Instructions for the task: Output only the lines below from the one holding "Wi-Fi, телефон, кондиционер, светильник, настольные" down to the one holding "上午11点58分,体育馆鲜花", both end lines included and every picture dropped.

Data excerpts
※ ※ ※

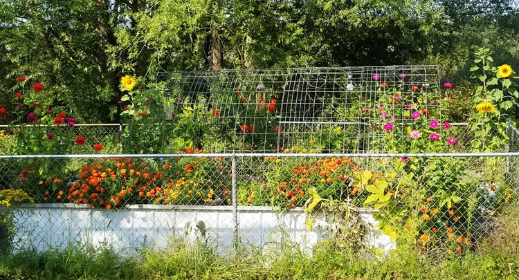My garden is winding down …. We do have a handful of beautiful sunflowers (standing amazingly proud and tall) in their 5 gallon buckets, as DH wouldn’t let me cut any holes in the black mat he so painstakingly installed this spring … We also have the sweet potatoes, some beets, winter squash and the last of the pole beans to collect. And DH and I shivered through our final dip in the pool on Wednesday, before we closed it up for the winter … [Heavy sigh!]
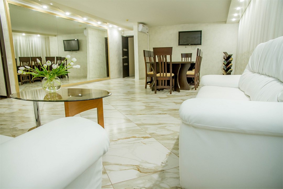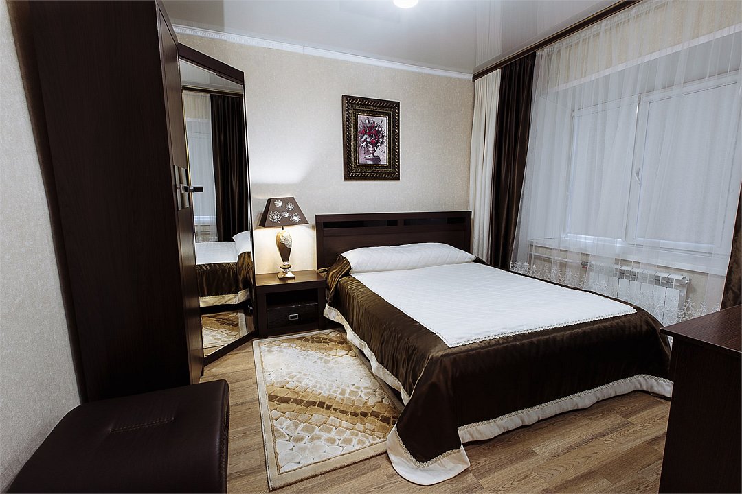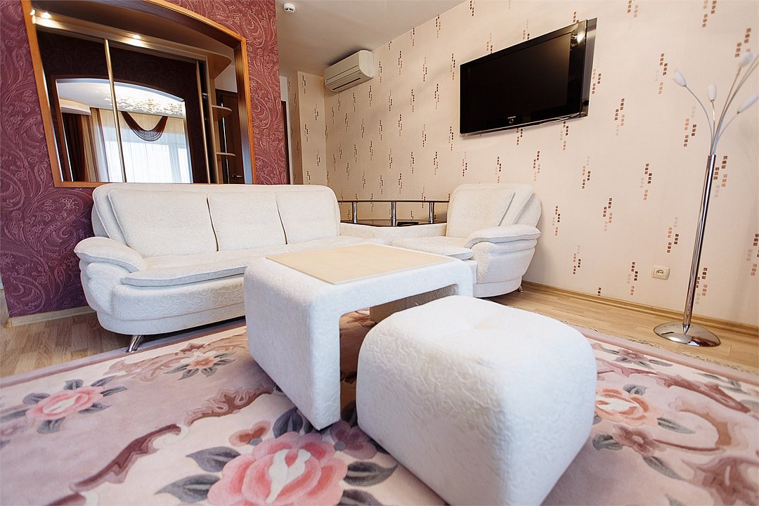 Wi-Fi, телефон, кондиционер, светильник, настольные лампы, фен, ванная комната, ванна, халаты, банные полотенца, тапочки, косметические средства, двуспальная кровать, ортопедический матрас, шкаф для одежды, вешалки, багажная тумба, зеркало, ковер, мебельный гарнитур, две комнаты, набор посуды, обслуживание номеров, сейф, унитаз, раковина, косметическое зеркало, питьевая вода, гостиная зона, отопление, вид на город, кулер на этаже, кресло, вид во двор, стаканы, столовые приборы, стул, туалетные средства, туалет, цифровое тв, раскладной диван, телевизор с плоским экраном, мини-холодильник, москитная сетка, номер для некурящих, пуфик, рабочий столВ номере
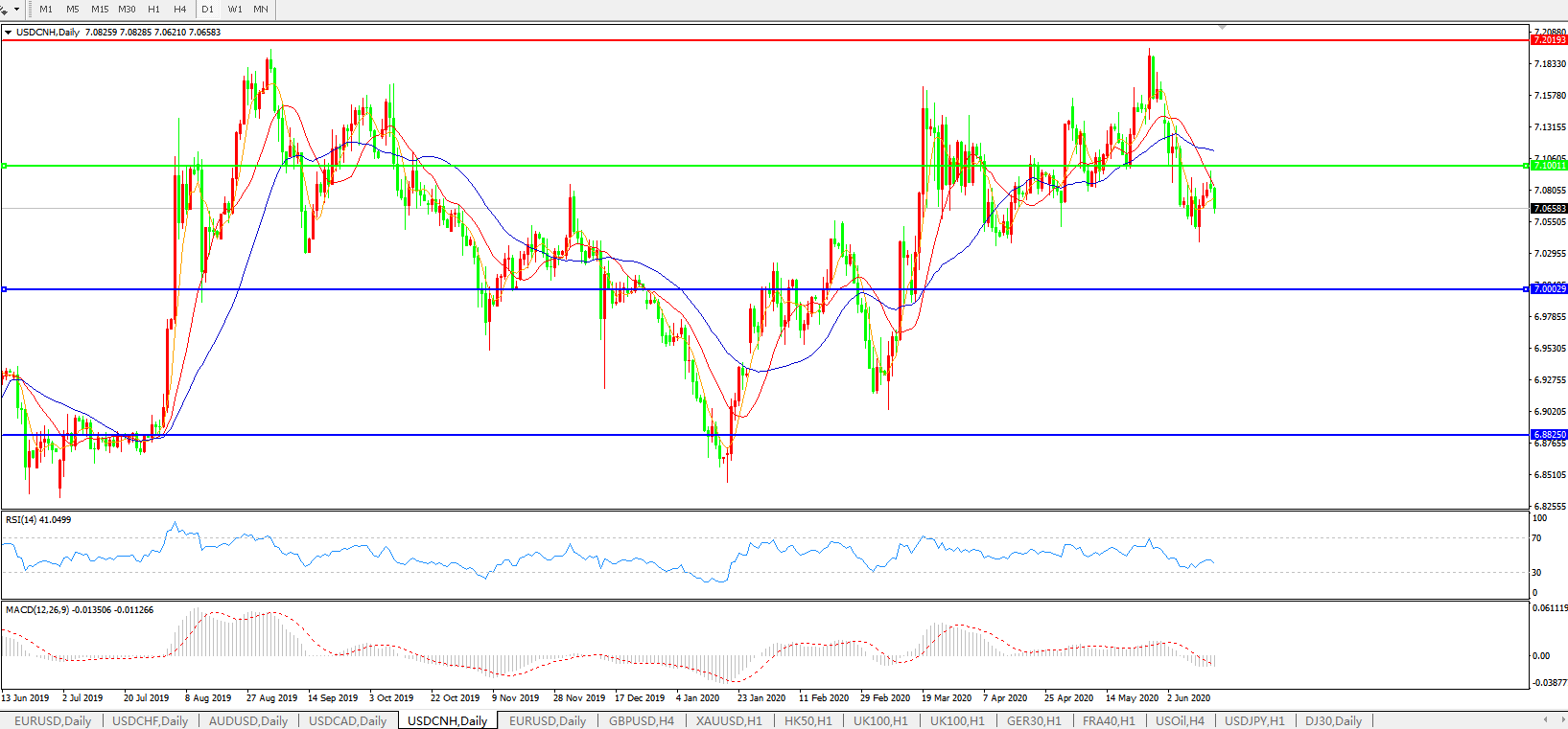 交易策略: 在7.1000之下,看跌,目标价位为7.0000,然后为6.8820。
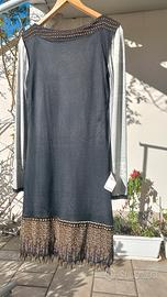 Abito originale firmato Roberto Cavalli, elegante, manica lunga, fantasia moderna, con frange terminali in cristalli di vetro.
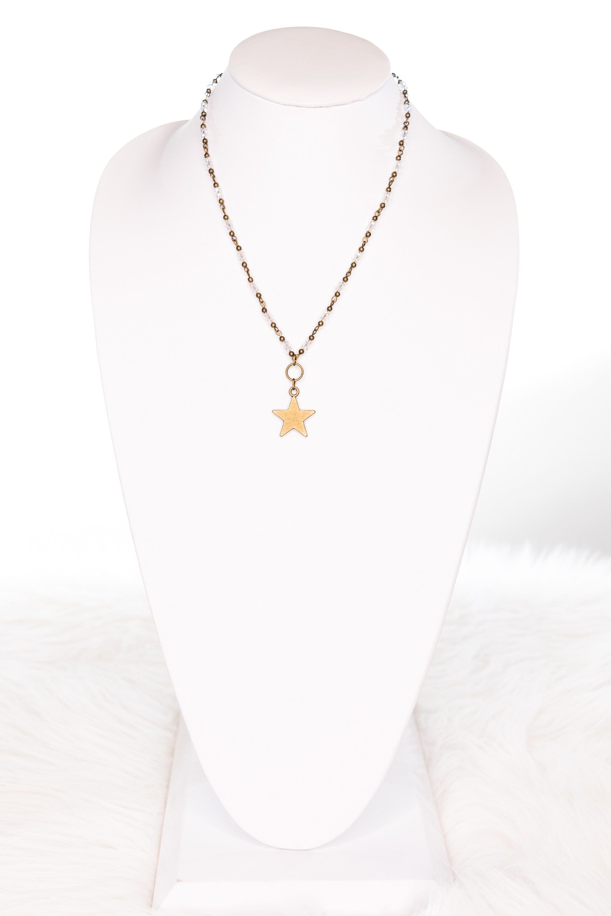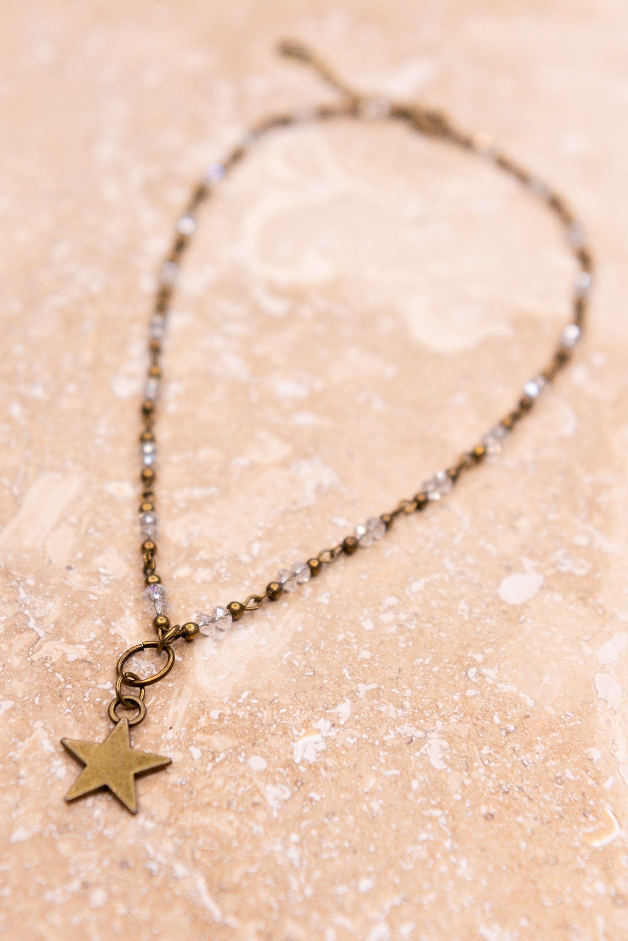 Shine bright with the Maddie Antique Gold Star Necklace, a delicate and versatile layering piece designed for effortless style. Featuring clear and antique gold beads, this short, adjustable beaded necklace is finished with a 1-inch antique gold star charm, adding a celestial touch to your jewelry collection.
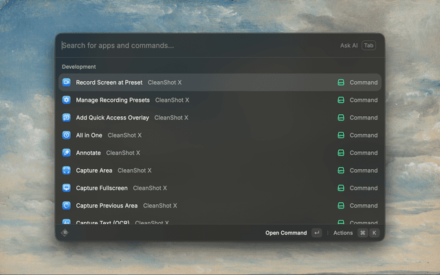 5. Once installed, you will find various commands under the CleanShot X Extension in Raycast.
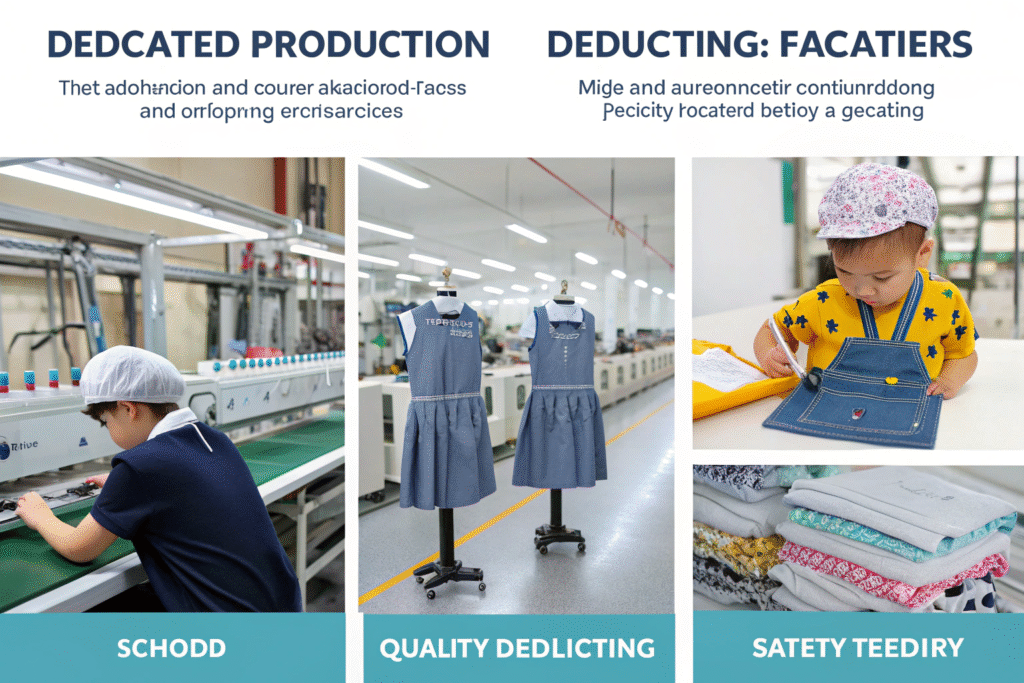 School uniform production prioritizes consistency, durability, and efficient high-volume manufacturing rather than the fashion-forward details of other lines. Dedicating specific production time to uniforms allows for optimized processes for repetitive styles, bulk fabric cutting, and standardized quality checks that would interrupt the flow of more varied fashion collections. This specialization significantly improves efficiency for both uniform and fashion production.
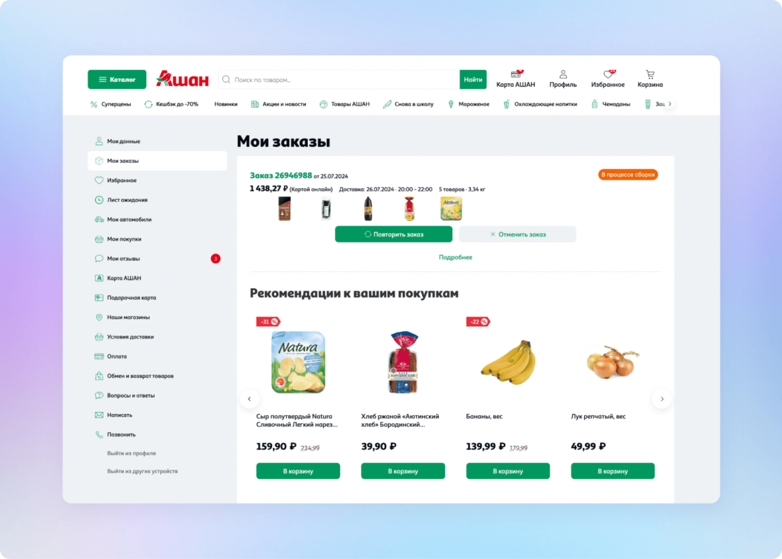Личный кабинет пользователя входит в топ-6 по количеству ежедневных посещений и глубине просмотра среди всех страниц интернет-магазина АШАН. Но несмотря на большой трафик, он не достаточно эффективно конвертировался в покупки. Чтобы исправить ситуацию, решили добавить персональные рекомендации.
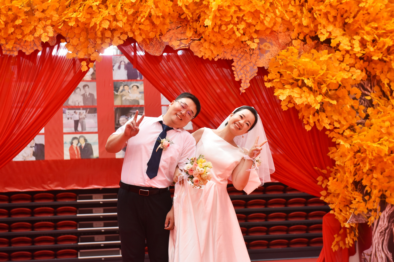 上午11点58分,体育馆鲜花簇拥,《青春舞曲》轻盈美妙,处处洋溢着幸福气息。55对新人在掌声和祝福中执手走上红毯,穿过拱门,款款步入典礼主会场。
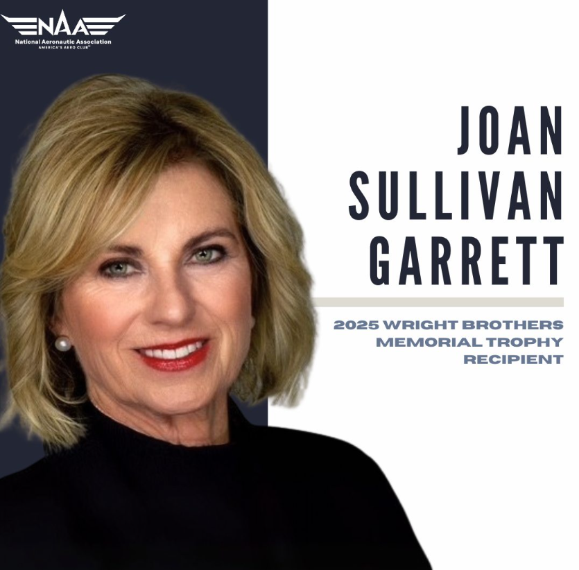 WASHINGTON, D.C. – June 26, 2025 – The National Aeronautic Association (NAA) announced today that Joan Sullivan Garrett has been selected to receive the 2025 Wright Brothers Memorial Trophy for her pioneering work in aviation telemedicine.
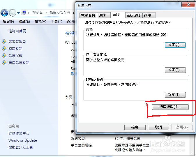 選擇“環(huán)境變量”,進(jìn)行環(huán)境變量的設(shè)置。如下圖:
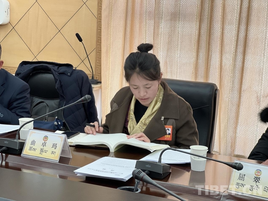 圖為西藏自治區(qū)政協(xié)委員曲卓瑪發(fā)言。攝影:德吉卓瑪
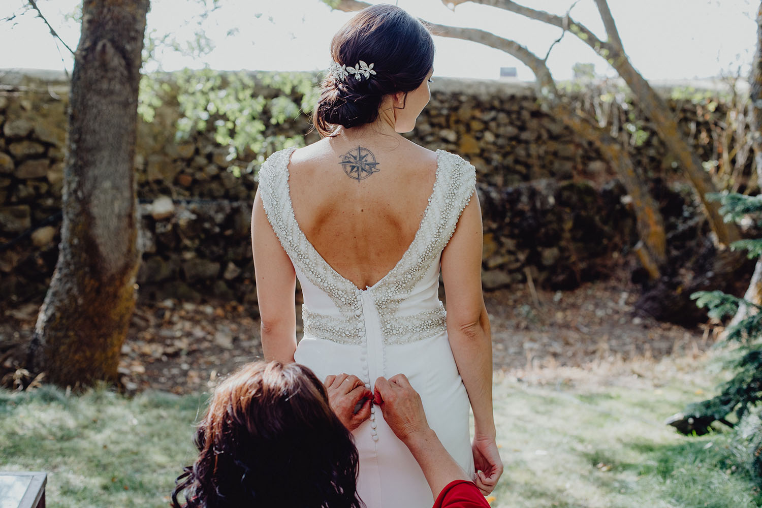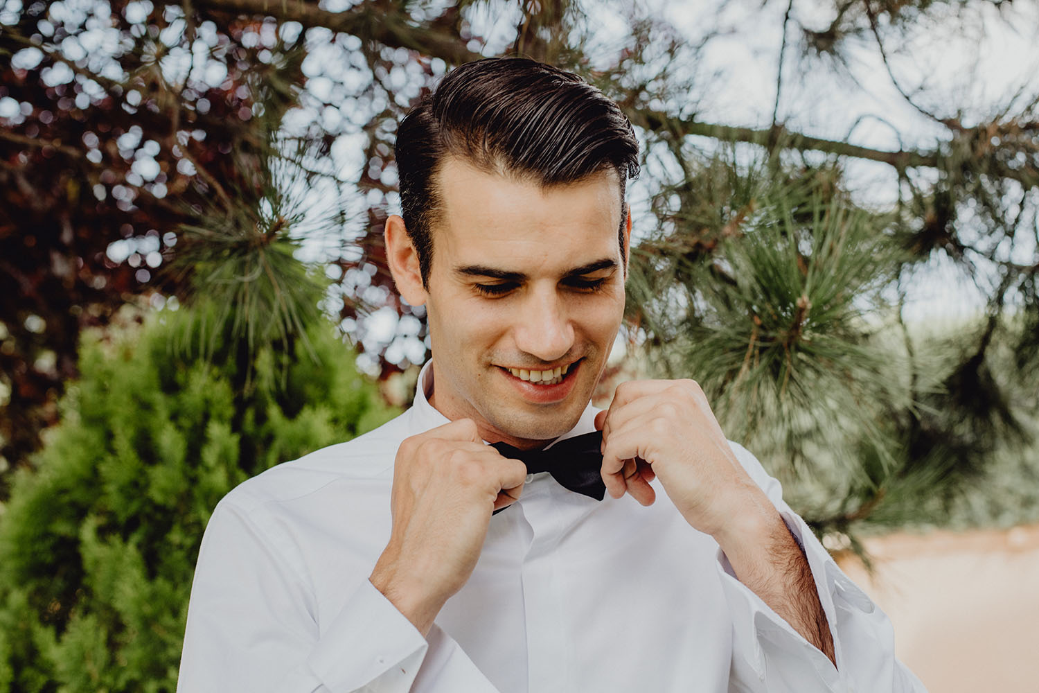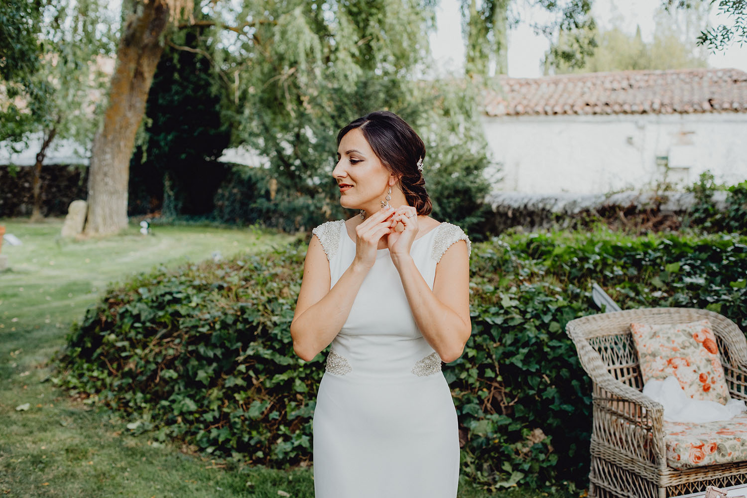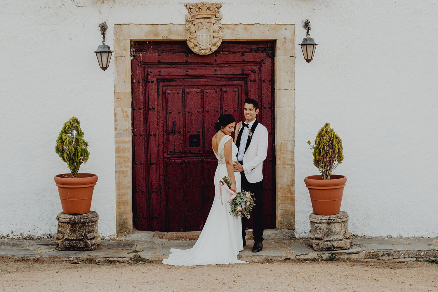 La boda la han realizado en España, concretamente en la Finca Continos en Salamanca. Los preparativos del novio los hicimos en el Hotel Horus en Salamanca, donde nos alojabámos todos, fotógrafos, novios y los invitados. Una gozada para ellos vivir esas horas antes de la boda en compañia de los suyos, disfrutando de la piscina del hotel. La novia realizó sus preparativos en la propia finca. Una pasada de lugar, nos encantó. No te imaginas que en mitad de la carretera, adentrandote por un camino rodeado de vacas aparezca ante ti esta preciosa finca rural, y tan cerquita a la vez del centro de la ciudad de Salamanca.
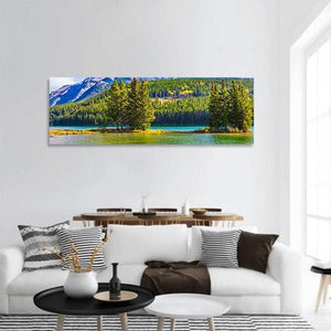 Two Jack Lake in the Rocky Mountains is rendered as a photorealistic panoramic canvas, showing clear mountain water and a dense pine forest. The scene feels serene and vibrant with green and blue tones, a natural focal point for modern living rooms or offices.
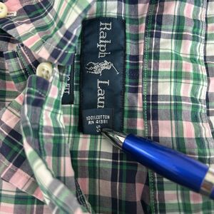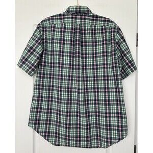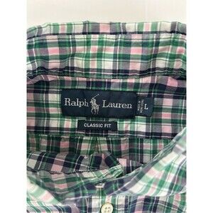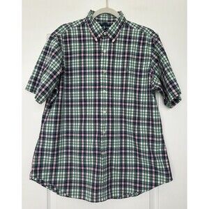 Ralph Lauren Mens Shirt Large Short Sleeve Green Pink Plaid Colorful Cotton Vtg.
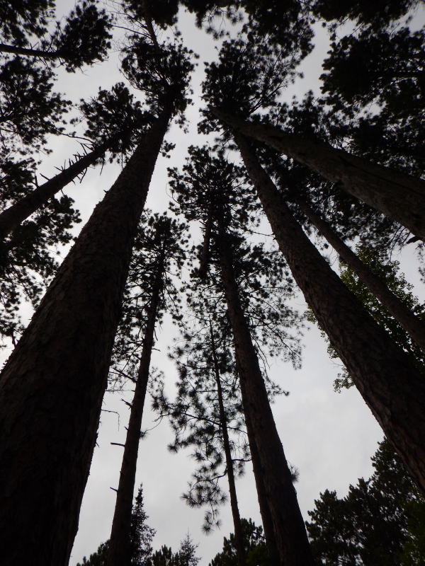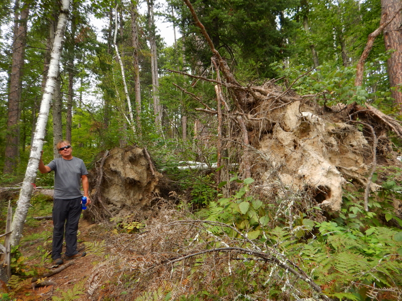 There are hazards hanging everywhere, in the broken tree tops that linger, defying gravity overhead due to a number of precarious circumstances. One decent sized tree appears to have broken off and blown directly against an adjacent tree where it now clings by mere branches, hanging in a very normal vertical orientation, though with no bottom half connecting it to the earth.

※ ※ ※

Your solution:
 Wi-Fi, телефон, кондиционер, светильник, настольные лампы, фен, ванная комната, ванна, халаты, банные полотенца, тапочки, косметические средства, двуспальная кровать, ортопедический матрас, шкаф для одежды, вешалки, багажная тумба, зеркало, ковер, мебельный гарнитур, две комнаты, набор посуды, обслуживание номеров, сейф, унитаз, раковина, косметическое зеркало, питьевая вода, гостиная зона, отопление, вид на город, кулер на этаже, кресло, вид во двор, стаканы, столовые приборы, стул, туалетные средства, туалет, цифровое тв, раскладной диван, телевизор с плоским экраном, мини-холодильник, москитная сетка, номер для некурящих, пуфик, рабочий столВ номере
 交易策略: 在7.1000之下,看跌,目标价位为7.0000,然后为6.8820。
 Abito originale firmato Roberto Cavalli, elegante, manica lunga, fantasia moderna, con frange terminali in cristalli di vetro.
 Shine bright with the Maddie Antique Gold Star Necklace, a delicate and versatile layering piece designed for effortless style. Featuring clear and antique gold beads, this short, adjustable beaded necklace is finished with a 1-inch antique gold star charm, adding a celestial touch to your jewelry collection.
 5. Once installed, you will find various commands under the CleanShot X Extension in Raycast.
 School uniform production prioritizes consistency, durability, and efficient high-volume manufacturing rather than the fashion-forward details of other lines. Dedicating specific production time to uniforms allows for optimized processes for repetitive styles, bulk fabric cutting, and standardized quality checks that would interrupt the flow of more varied fashion collections. This specialization significantly improves efficiency for both uniform and fashion production.
Личный кабинет пользователя входит в топ-6 по количеству ежедневных посещений и глубине просмотра среди всех страниц интернет-магазина АШАН. Но несмотря на большой трафик, он не достаточно эффективно конвертировался в покупки. Чтобы исправить ситуацию, решили добавить персональные рекомендации.
 上午11点58分,体育馆鲜花簇拥,《青春舞曲》轻盈美妙,处处洋溢着幸福气息。55对新人在掌声和祝福中执手走上红毯,穿过拱门,款款步入典礼主会场。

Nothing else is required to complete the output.